Что, бишь, говорили игроки в “плюнь-попади” о Назим Азиз? “Она подглядывает сны дочерей, дабы знать, что замышляют девчонки”. Да, иного объяснения нет – в нашей стране происходили и более странные вещи, откройте любую газету да почитайте пикантные репортажи о чудесах в той ли, иной деревне, – да, Достопочтенная Матушка начала видеть сны своих дочерей. (Падма принимает это на веру не моргнув глазом, но то, что другие проглотят как ладду[64] и не подавятся, она моментально отвергнет.

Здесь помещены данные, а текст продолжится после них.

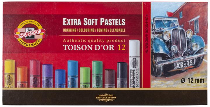 Pastele extra suche TOISON D’OR zostały wyprodukowane z najwyższej jakości składników. Do ich wyprodukowania został użyty bardzo trwały i jednolity pigment oraz bardzo drobno sproszkowane naturalne substancje na bazie węglanu wapnia, minerału kalcytu lub kredy. Są delikatniejsze od standardowych pasteli suchych, zdecydowanie łatwiej się rozcierają. Charakteryzuje je duża sypkość. Dzięki większej średnicy (12 mm) niż w przypadku standardowych pasteli; świetnie nadają się do kolorowania dużych obszarów i prac w dużym formacie. – Profesjonalne grube ekstra suche pastele Toison D’or – Zestaw zawiera 12 kolorów w kartonowym opakowaniu – Są delikatniejsze niż standardowe pastele suche – Bardzo dobrze przylegają do podłoża i łatwo się rozcierają – Ze względu na rozmiar jumbo nadają się do dużych powierzchni i prac w dużych formatach
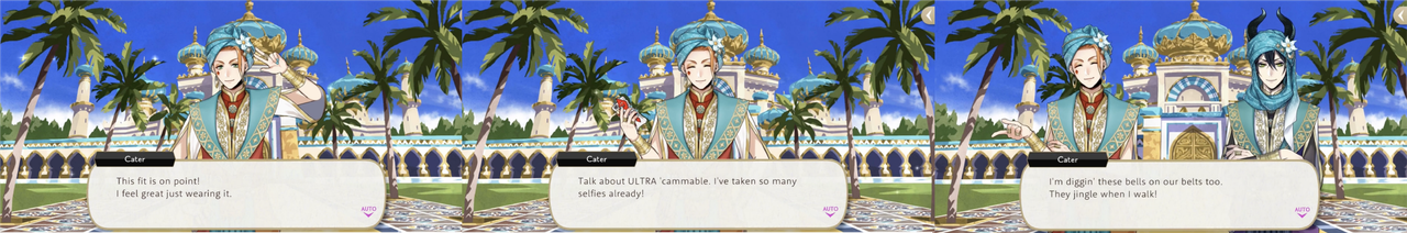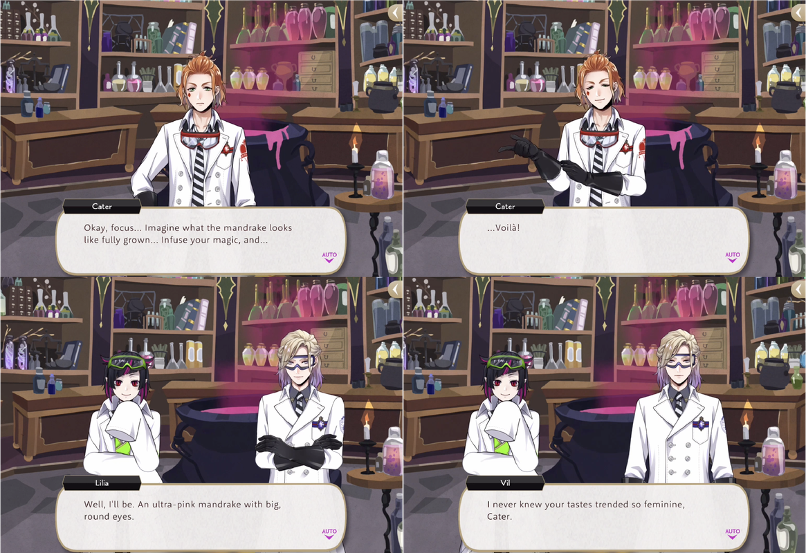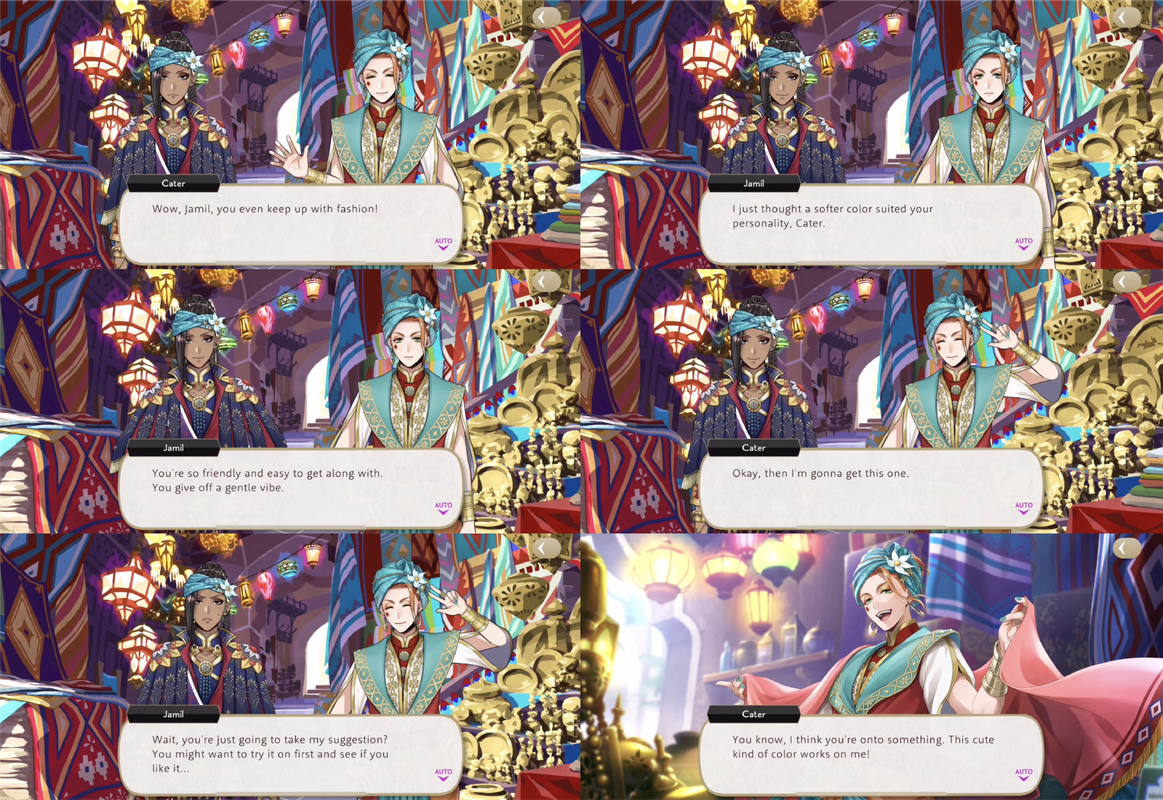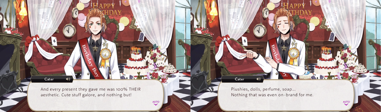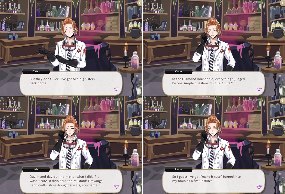 Vil says, “I never knew your tastes trended so feminine, Cater,” and Cater insists that he does not actually have such “feminine” tastes at all, but because of his sisters, “In the Diamond household, everything’s judged by one simple question: ‘But is it cute?’ Day in and day out, no matter what I did, if it wasn’t cute, it didn’t cut the mustard! Drawings, handicrafts, store-bought sweets, you name it! So I guess l’ve got ‘make it cute’ burned into my brain as a first instinct.”
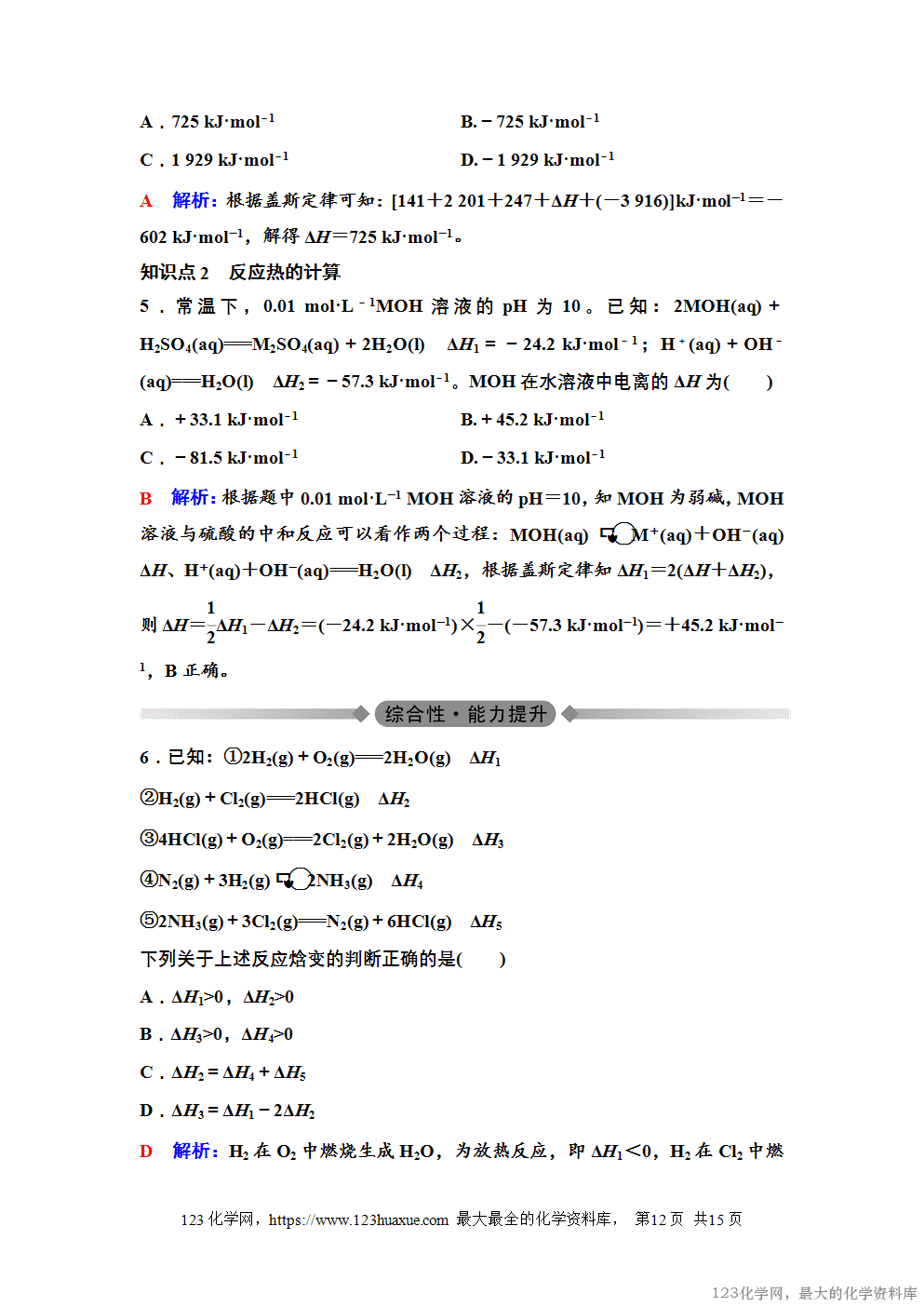 则ΔH=ΔH1+ΔH2=ΔH3+ΔH4+ΔH5。

У всякой публики своя структура веры.) Итак, уснув ночью в своей постели, Достопочтенная Матушка навещала сны Эмералд, где натыкалась на другие сны – на тайную фантазию майора Зульфикара: большой современный дом с ванной около постели. Это было пределом амбиций майора, и таким способом Достопочтенная Матушка выяснила не только то, что ее дочка тайком встречается со своим Зульфи в местах, где можно говорить, но и то, что амбиции Эмералд идут гораздо дальше. И (почему бы и нет?) в снах Адама Азиза она увидала, как муж ее совершает свой скорбный путь вверх по какой‐то горе в Кашмире, а в животе у него дыра величиной с кулак, и догадалась, что Азиз ее разлюбил, а также предвосхитила его смерть; годы спустя, услышав, как он умер, Назим произнесла: “О, я так и знала”.

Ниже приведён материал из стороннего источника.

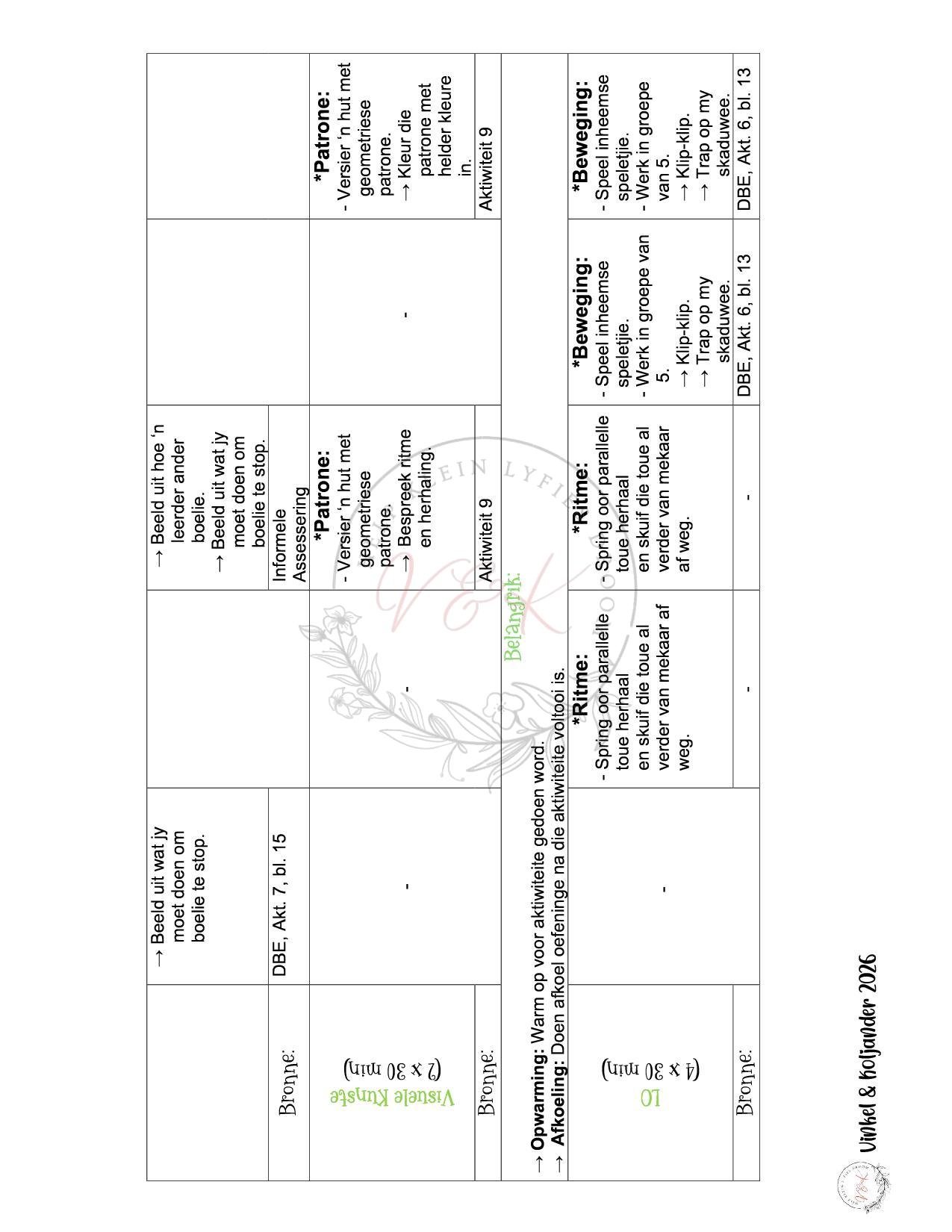 • Daaglikse lesbeplanning wat oor 10 weke strek.

…Еще немного, думала Достопочтенная Матушка, и наша Эмералд расскажет своему майору о госте, живущем в подполе, и тогда я снова обрету способность говорить. Но вот однажды ночью она вторглась в сны своей дочери Мумтаз, чернавки, которую так и не смогла полюбить из‐за того, что кожа ее была темна, как у рыбачки с юга, и поняла: неприятности на этом не кончатся, потому что Мумтаз Азиз, как и ее подковерный воздыхатель, влюбилась.
Доказательств не было. Вторжение в сны – или материнская осведомленность, или женская интуиция, называйте это как хотите, – не имеет силы в суде, а Достопочтенная Матушка знала, что обвинить дочь в любовных шашнях под родительским кровом – дело серьезное. Вследствие чего Достопочтенная Матушка почувствовала себя несгибаемой и крепкой, как сталь, и решила ничего не предпринимать, не нарушать молчания: пусть Адам Азиз сам убедится, как новомодные идеи губят его детей – да, пускай сам все обнаружит после того, как он всю жизнь затыкал рот ей, приличной женщине, воспитанной в старых понятиях.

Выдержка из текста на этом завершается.